Katja Lembke has been a corresponding member of the German Archaeological Institute since 2003, and in December 2021 she was appointed to the Historical Commission for Lower Saxony and Bremen. In June 2021, Katja Lembke was elected as the new chairperson of the German Archaeological Association for a two-year term, succeeding Patrick Schollmeyer.

== Works ==
- Das Iseum Campense in Rom. Studie über den Isiskult unter Domitian (= Archäologie und Geschichte. Vol. 3). Verlag Archäologie und Geschichte, Heidelberg 1994, ISBN 3-9801863-2-6.
- Phönizische anthropoide Sarkophage (= Damaszener Forschungen. Vol. 10). von Zabern, Mainz 2001, ISBN 3-8053-2662-9.
- Die Skulpturen aus dem Quellheiligtum von Amrit. Studie zur Akkulturation in Phönizien (= Damaszener Forschungen. Vol. 12). von Zabern, Mainz 2004, ISBN 3-8053-3403-6.
- Ägyptens späte Blüte. Die Römer am Nil (= Zaberns Bildbände zur Archäologie. Special editions of Antike Welt). von Zabern, Mainz 2004, ISBN 3-8053-3276-9.
- Hannovers Nofretete. Die Bildnisse der Sent M´Ahesa von Bernhard Hoetger (= NahSichten. Vol. 2). Schnell & Steiner, Regensburg 2012, ISBN 978-3-7954-2627-9.
- Das Grab des Siamun in der Oase Siwa. Ammoniaca II (= Archäologische Veröffentlichungen des Deutschen Archäologischen Instituts Abteilung Kairo. Vol. 115). Harrassowitz, Wiesbaden 2014, ISBN 978-3-4471-0239-1.
- Ikonen der Kunst – und wie sie zu dem wurden, was sie heute sind. Prestel, Munich 2021, ISBN 978-3-7913-8680-5.

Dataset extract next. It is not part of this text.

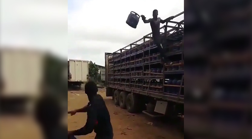 Dva muži načtení lahví rychlost plynu na vozíku.
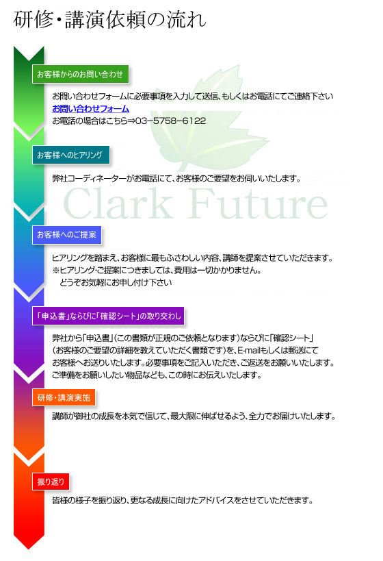 ホスピタリティ(ビジョン再構築、マナー、コミュニケーション、マネジメント、リーダーシップ、サービス等)をテーマとした研修をお受けしております。 研修規模も、10名〜30名前後まで、お客様のニーズやご予算に合わせて内容をカスタマイズさせていただきます。お気軽にお問い合わせ下さい。

- as editor and author: Shark Island. The First German Concentration Camp. Nünnerich-Asmus, Oppenheim 2024, ISBN 978-3-96176-301-6 (German edition: Die Haifischinsel. Das erste deutsche Konzentrationslager. Nünnerich-Asmus, Oppenheim 2023, ISBN 978-3-96176-242-2).
- as editor and author (with contributions from students at the University of Göttingen): Eine Muse aus Italien. Graf Münster und seine Grand Tour (= NahSichten. Vol. 7). Schnell & Steiner, Regensburg 2025, ISBN 978-3-7954-9013-3.